*RAW DATA:*

● ● ●

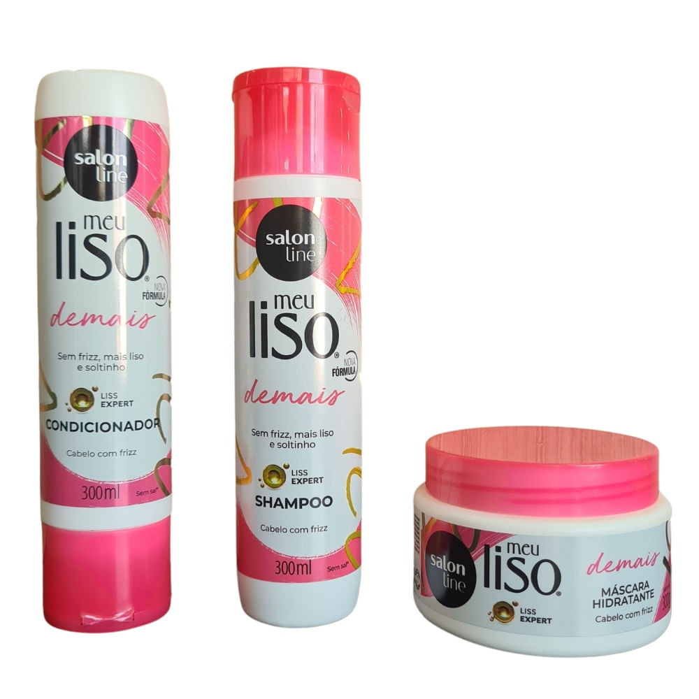 O Kit Meu Liso de Mais Shampoo + Condicionador + Máscara Salon Line foi desenvolvido para quem deseja fios mais lisos, disciplinados e com brilho intenso. Com ação combinada de limpeza, hidratação e nutrição profunda, esse kit proporciona um cabelo macio, alinhado e fácil de cuidar.
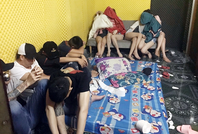 Tại đây, Cảnh sát phát hiện 61 nam nữ trong 6 phòng của khách sạn đang có biểu hiện “phê” ma túy.
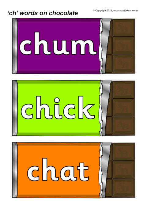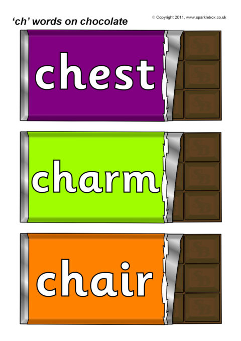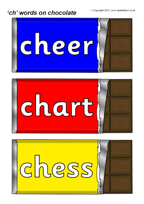 Words with the onset ‘ch’ presented on coloured chocolate bars.
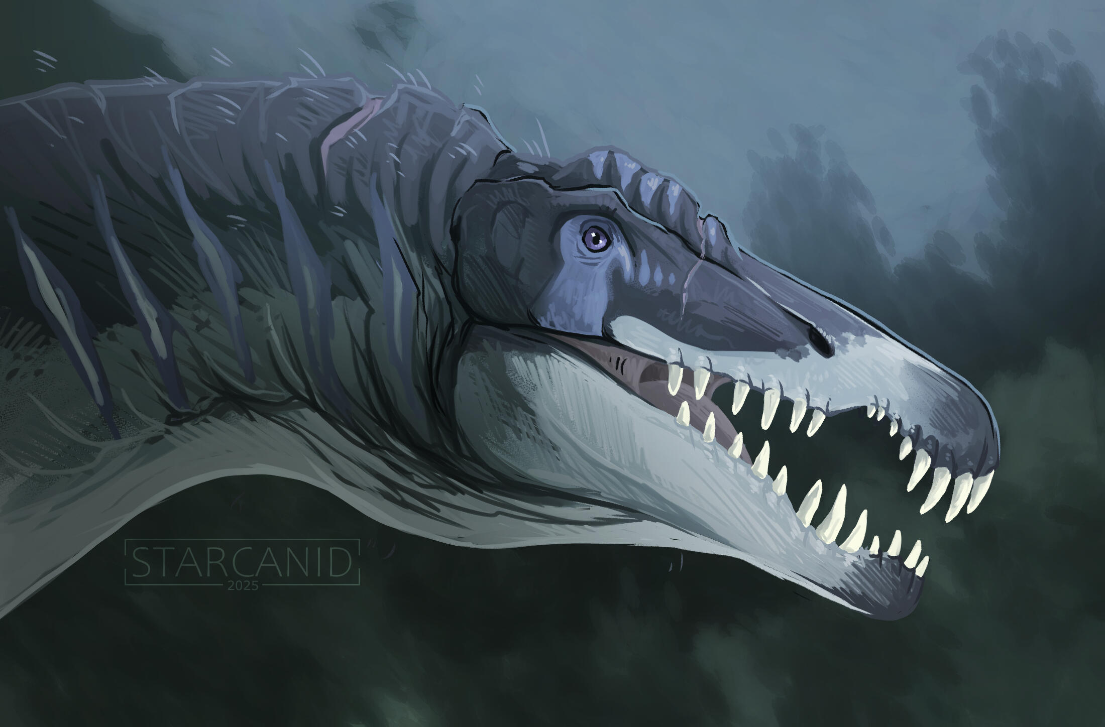 > I draw: feral animals and creatures, dragons, prehistoric creatures, blood, minimal to medium gore. minimal body horrorx I won't do: humans and humanoids, anthros, NSFW, extreme gore, anything hateful or inappropriate

● ● ●

*EXERCISE GOAL:* What you return should be the full listing, unchanged, minus the pictures.

*OUTPUT FOR THIS EXERCISE:*
 O Kit Meu Liso de Mais Shampoo + Condicionador + Máscara Salon Line foi desenvolvido para quem deseja fios mais lisos, disciplinados e com brilho intenso. Com ação combinada de limpeza, hidratação e nutrição profunda, esse kit proporciona um cabelo macio, alinhado e fácil de cuidar.
 Tại đây, Cảnh sát phát hiện 61 nam nữ trong 6 phòng của khách sạn đang có biểu hiện “phê” ma túy.
 Words with the onset ‘ch’ presented on coloured chocolate bars.
 > I draw: feral animals and creatures, dragons, prehistoric creatures, blood, minimal to medium gore. minimal body horrorx I won't do: humans and humanoids, anthros, NSFW, extreme gore, anything hateful or inappropriate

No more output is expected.